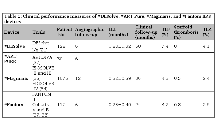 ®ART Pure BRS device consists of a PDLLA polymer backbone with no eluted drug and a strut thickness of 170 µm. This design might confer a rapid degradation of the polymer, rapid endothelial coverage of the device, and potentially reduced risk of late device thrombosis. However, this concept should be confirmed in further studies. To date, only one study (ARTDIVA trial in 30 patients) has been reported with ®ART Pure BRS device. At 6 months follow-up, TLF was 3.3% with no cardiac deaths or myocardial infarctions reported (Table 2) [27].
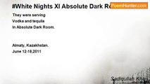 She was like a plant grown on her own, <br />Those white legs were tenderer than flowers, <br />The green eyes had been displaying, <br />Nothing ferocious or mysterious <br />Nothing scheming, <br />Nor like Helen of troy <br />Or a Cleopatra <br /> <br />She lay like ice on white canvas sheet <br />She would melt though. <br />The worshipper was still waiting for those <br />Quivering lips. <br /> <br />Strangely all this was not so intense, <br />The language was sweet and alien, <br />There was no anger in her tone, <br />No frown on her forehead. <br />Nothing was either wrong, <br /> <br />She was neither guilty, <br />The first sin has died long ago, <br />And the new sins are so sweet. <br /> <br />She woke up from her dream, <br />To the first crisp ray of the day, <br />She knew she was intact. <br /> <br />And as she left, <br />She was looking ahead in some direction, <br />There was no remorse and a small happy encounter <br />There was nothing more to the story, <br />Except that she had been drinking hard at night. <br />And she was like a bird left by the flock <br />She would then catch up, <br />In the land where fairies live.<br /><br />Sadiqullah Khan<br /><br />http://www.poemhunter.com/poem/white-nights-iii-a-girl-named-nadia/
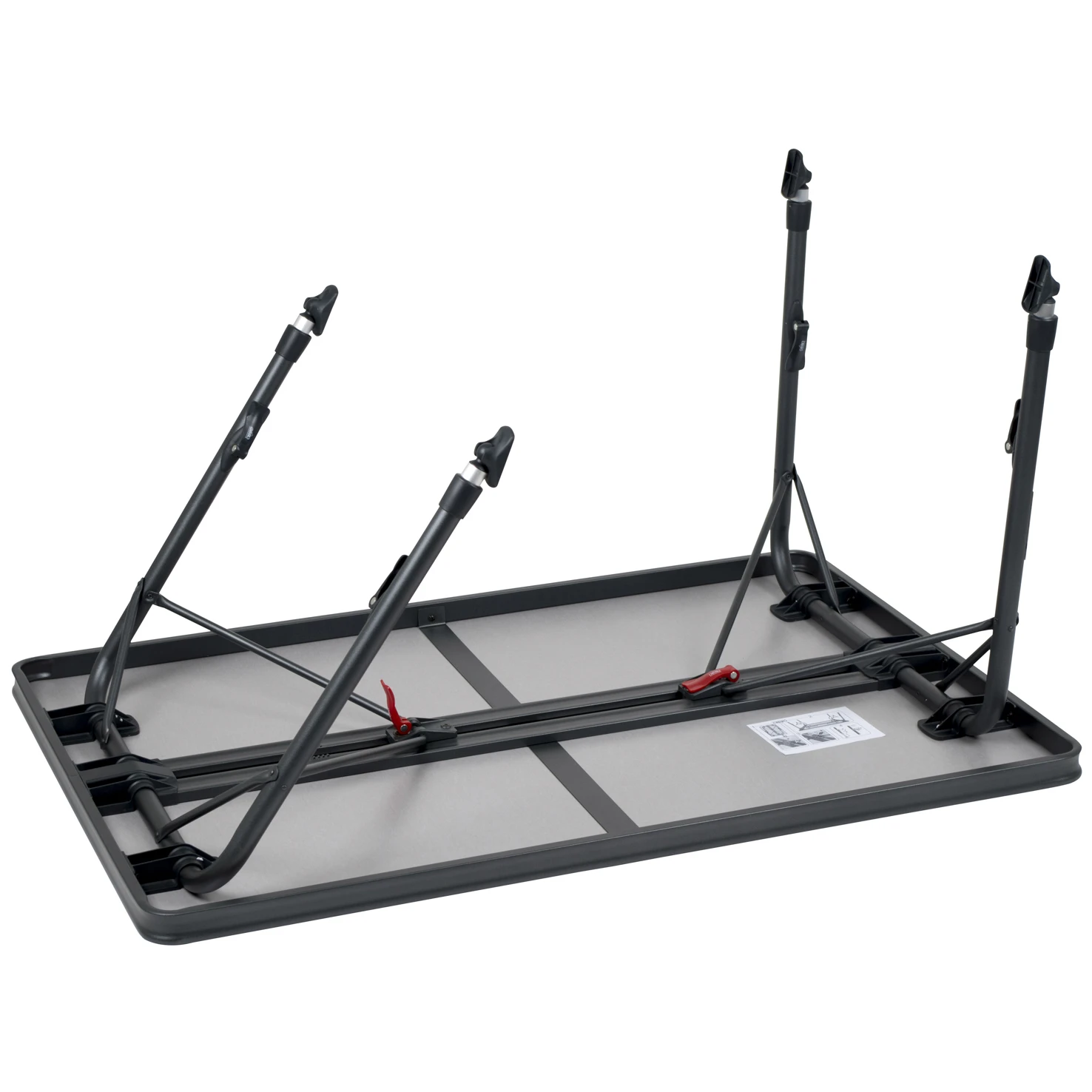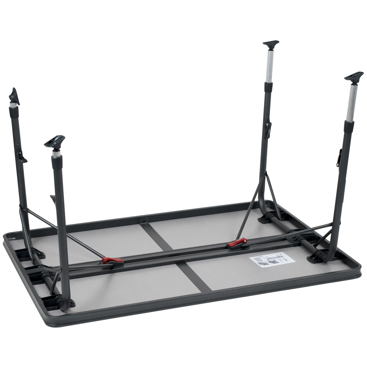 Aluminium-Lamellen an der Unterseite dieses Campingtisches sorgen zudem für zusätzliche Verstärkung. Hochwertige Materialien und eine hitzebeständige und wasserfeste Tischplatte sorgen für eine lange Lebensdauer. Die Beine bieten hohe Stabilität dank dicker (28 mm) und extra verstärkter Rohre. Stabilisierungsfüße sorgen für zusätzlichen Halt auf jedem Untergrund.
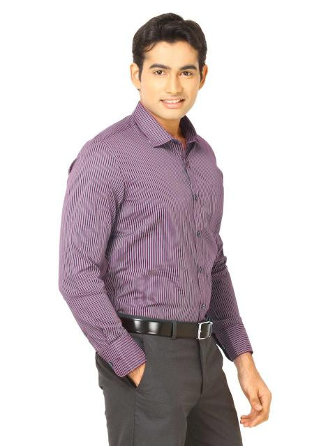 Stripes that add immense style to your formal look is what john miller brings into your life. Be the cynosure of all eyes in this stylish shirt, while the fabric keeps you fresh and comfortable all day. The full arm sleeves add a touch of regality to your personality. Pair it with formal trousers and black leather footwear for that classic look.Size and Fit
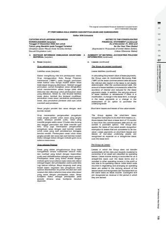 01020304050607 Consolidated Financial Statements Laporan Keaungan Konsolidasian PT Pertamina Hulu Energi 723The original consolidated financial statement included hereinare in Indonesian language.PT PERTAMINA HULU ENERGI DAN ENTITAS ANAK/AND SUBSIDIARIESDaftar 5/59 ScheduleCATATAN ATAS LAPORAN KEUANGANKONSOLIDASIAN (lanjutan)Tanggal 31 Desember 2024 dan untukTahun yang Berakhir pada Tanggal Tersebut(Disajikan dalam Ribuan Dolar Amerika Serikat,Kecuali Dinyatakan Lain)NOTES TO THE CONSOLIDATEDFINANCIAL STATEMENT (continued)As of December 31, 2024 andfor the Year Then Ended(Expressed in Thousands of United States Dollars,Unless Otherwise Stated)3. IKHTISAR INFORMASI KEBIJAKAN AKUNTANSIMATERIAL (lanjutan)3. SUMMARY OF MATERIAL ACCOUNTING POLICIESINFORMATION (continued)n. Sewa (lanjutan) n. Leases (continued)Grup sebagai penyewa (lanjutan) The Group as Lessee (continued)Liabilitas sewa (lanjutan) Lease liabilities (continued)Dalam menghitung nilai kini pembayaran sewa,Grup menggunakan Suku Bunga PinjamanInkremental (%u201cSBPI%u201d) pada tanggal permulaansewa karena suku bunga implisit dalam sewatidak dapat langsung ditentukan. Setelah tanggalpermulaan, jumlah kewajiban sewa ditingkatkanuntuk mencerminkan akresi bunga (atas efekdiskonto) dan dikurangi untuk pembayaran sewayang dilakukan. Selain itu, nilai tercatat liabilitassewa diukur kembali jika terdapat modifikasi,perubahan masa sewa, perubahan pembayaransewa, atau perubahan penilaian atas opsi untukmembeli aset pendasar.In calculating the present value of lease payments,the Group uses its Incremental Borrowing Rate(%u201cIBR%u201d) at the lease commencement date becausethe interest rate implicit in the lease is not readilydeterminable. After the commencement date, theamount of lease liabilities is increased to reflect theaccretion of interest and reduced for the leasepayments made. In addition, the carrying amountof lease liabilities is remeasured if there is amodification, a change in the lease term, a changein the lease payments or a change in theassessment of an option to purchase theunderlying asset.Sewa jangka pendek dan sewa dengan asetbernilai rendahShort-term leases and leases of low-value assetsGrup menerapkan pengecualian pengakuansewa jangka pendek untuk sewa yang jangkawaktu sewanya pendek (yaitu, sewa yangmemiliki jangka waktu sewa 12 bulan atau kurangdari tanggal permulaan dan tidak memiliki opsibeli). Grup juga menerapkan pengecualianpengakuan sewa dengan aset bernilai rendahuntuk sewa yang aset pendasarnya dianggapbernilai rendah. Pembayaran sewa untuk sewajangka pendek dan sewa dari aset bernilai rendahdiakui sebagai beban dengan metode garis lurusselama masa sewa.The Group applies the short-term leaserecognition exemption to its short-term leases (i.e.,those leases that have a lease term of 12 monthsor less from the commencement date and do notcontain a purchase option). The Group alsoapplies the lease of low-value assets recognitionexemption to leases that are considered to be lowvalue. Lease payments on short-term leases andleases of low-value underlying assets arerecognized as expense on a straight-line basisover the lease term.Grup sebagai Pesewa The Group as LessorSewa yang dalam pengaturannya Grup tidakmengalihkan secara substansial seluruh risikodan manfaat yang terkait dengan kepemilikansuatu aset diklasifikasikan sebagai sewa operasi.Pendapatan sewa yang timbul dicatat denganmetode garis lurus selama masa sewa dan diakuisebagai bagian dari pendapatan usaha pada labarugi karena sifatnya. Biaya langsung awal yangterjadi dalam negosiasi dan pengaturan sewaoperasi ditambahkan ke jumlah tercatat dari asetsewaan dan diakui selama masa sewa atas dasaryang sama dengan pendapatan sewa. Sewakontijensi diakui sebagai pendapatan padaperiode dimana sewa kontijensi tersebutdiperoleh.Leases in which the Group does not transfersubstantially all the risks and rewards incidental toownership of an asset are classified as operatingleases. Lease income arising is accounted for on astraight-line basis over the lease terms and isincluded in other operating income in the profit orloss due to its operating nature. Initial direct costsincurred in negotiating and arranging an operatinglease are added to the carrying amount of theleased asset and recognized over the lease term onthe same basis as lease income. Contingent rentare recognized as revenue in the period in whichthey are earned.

==

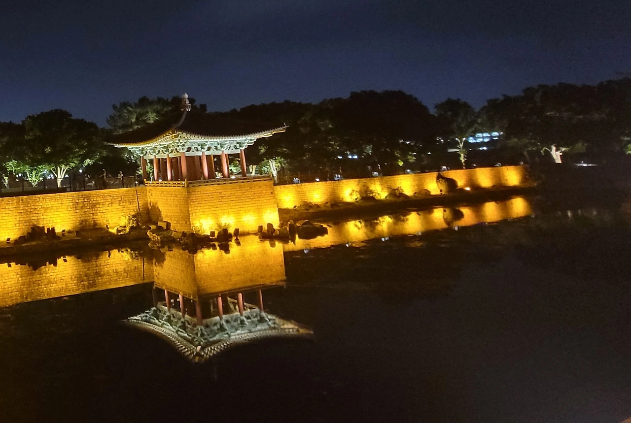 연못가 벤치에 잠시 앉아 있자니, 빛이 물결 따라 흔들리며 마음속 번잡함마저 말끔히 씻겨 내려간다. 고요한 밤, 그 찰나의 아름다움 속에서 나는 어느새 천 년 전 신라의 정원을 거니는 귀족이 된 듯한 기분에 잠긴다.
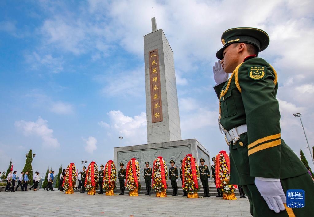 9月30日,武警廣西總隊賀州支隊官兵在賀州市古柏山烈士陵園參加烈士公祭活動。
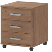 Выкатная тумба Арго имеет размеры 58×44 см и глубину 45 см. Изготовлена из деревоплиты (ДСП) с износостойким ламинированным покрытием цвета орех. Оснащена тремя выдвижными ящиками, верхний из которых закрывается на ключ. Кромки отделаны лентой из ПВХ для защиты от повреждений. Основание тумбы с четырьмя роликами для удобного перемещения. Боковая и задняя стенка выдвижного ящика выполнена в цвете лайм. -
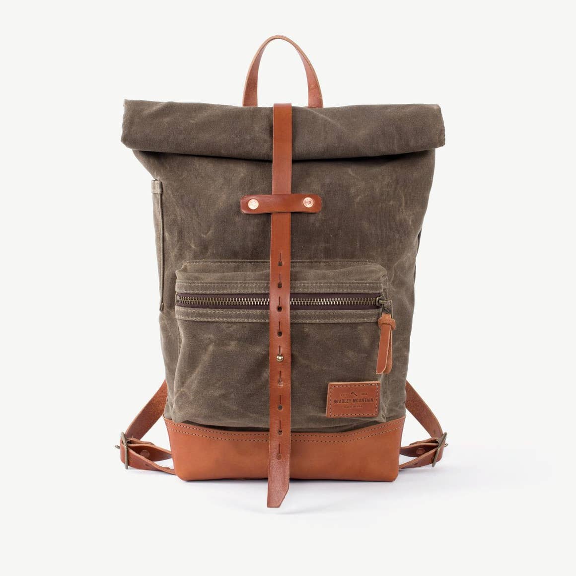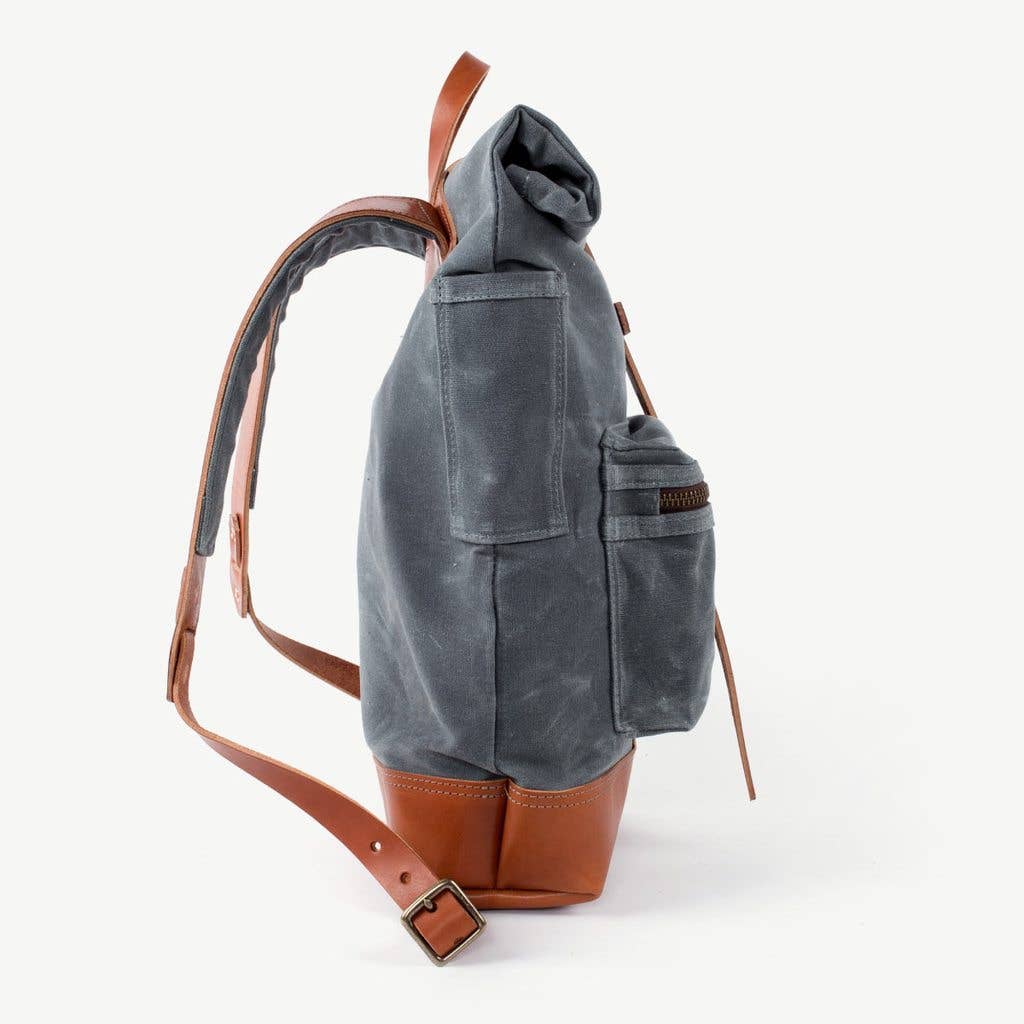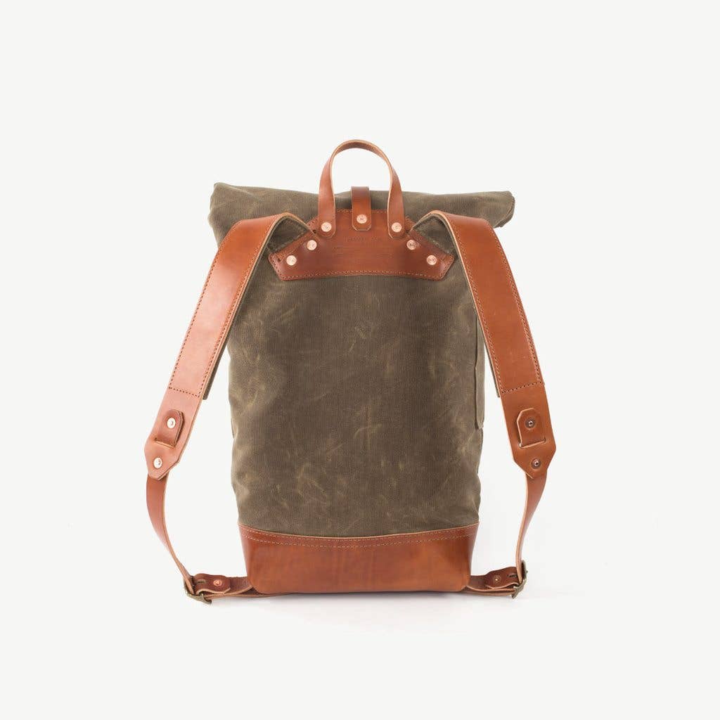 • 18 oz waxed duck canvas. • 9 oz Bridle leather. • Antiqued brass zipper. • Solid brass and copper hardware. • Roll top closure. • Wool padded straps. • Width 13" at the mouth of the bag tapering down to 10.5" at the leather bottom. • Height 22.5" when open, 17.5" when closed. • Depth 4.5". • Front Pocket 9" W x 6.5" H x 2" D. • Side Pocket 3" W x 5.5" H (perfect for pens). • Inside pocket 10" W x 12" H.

TASK DESCRIPTION »
Your answer should be the exact lines above from the one containing "연못가 벤치에 잠시 앉아" through the one containing "Выкатная тумба Арго", with both end lines kept and the pictures removed, please.

YOUR RESPONSE »
 연못가 벤치에 잠시 앉아 있자니, 빛이 물결 따라 흔들리며 마음속 번잡함마저 말끔히 씻겨 내려간다. 고요한 밤, 그 찰나의 아름다움 속에서 나는 어느새 천 년 전 신라의 정원을 거니는 귀족이 된 듯한 기분에 잠긴다.
 9月30日,武警廣西總隊賀州支隊官兵在賀州市古柏山烈士陵園參加烈士公祭活動。
 Выкатная тумба Арго имеет размеры 58×44 см и глубину 45 см. Изготовлена из деревоплиты (ДСП) с износостойким ламинированным покрытием цвета орех. Оснащена тремя выдвижными ящиками, верхний из которых закрывается на ключ. Кромки отделаны лентой из ПВХ для защиты от повреждений. Основание тумбы с четырьмя роликами для удобного перемещения. Боковая и задняя стенка выдвижного ящика выполнена в цвете лайм. -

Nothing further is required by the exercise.